3. Key Contributions

Structural Separation of Concerns: By separating planning from execution, KAIJU reduces token complexity from $O(n^2k)$ to $O(nk)$ (Orchestrator) or $O(nkd)$ (Reflect), preventing context exhaustion.
Deterministic Safety (IGX): Safety is enforced in compiled code via a four-variable gate. Since the LLM never sees the gate's decision criteria or rejection reasons, it cannot adaptively probe or bypass the policy.
Parallelism with Adaptation: Unlike LLM Compiler (which waits for the whole graph to finish), KAIJU executes in "waves" and allows mid-execution adaptation (replanning) via reflection, achieving $O(d)$ latency where $d$ is dependency depth.
Delegated Clearance: Resource-level authorization is offloaded to external endpoints, making the agent framework domain-agnostic while supporting complex enterprise policies.
Behavioral Guarantees: The system enforces persistence structurally. If a tool fails, the kernel retries or replans; it cannot "give up" or defer to the user unless explicitly gated by an operator.

4. Experimental Results

The authors evaluated KAIJU against a ReAct baseline using GPT-4.1 across 40 queries (Simple, Targeted, Complex, Computational) and the GAIA benchmark.

Latency & Complexity:
- Simple Queries: ReAct is marginally faster (3.6s vs 3.9s) due to lack of planner overhead.
- Complex/Computational Queries: KAIJU significantly outperforms ReAct.
  - Complex: nReflect (9.5s) vs ReAct (28.9s).
  - Computational: nReflect (25.2s) vs ReAct (43.7s).
- Reason: KAIJU executes independent tools in parallel waves with bounded context, while ReAct accumulates all history, leading to context exhaustion.
Reliability:
- On a 10-question computational astronomy benchmark, KAIJU completed 10/10 queries. ReAct failed 2/10 (empty verdicts due to context limits).
- On the GAIA benchmark (Level 3 hardest questions), KAIJU achieved 21.1% accuracy vs 0.0% for ReAct.
Output Quality: KAIJU produces more thorough, structured results (e.g., step-by-step calculations) because the reflection loop forces evidence evaluation before concluding, preventing the model from "hallucinating" an answer from parametric knowledge when tools fail.

5. Significance

KAIJU represents a paradigm shift from conversational agents to executive kernels.

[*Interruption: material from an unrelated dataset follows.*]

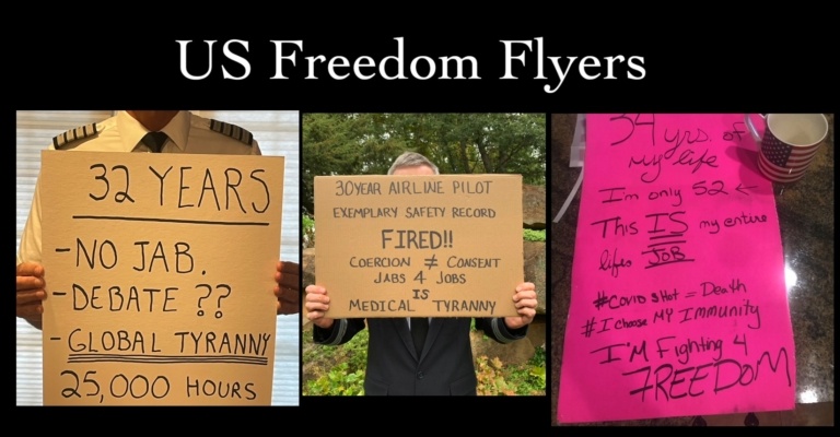 A group of airline professionals have banded together to fight back against mandatory COVID-19 vaccination mandates. They call themselves the "U.S. Freedom Flyers." From their website: "US Freedom Flyers currently encompasses all travel and transportation-affiliated industries, including all employees, unionized or not, who are affected by the Federal Government’s Covid-19 Vaccine Mandates. Whether you’re a pilot, flight attendant, mechanic, dispatcher, gate agent, or ramper, we have room for you! In addition, we seek to be an inclusive organization contributing to the support of other industries. If you are in other transportation industries, such as shipping, trucking, bussing, etc. please join our organization! If you are in an industry other than transportation and travel, we welcome you also, and want to collaborate with you to help preserve our medical freedoms!" They have teamed up with Leslie Manookian of Health Freedom Defense Fund, George Wentz of Davillier Law Group, and Airline Professionals For Justice (AP4J) to fight back against mandatory COVID-19 shots for the airline industry. These Freedom Flyers have just published a video with written messages from more than 60 of them, ranging from ramp agents, to flight attendants, to pilots and captains, to even a "senior vice president."

Security: It solves the "adaptive adversary" problem by removing the feedback loop between safety enforcement and the LLM. The model cannot learn the policy boundary because it never sees the boundary.
Scalability: It enables agents to handle complex, multi-step workflows that exceed the context windows of current LLMs by breaking tasks into bounded, parallel waves.
Enterprise Readiness: The separation of execution mechanics from reasoning allows for the integration of strict safety, compliance, and domain-specific authorization without modifying the LLM itself.

In summary, KAIJU demonstrates that structural guarantees (via DAGs and intent gates) are superior to prompt-based guarantees for autonomous agents, offering a robust foundation for deploying LLM agents in high-stakes, complex environments.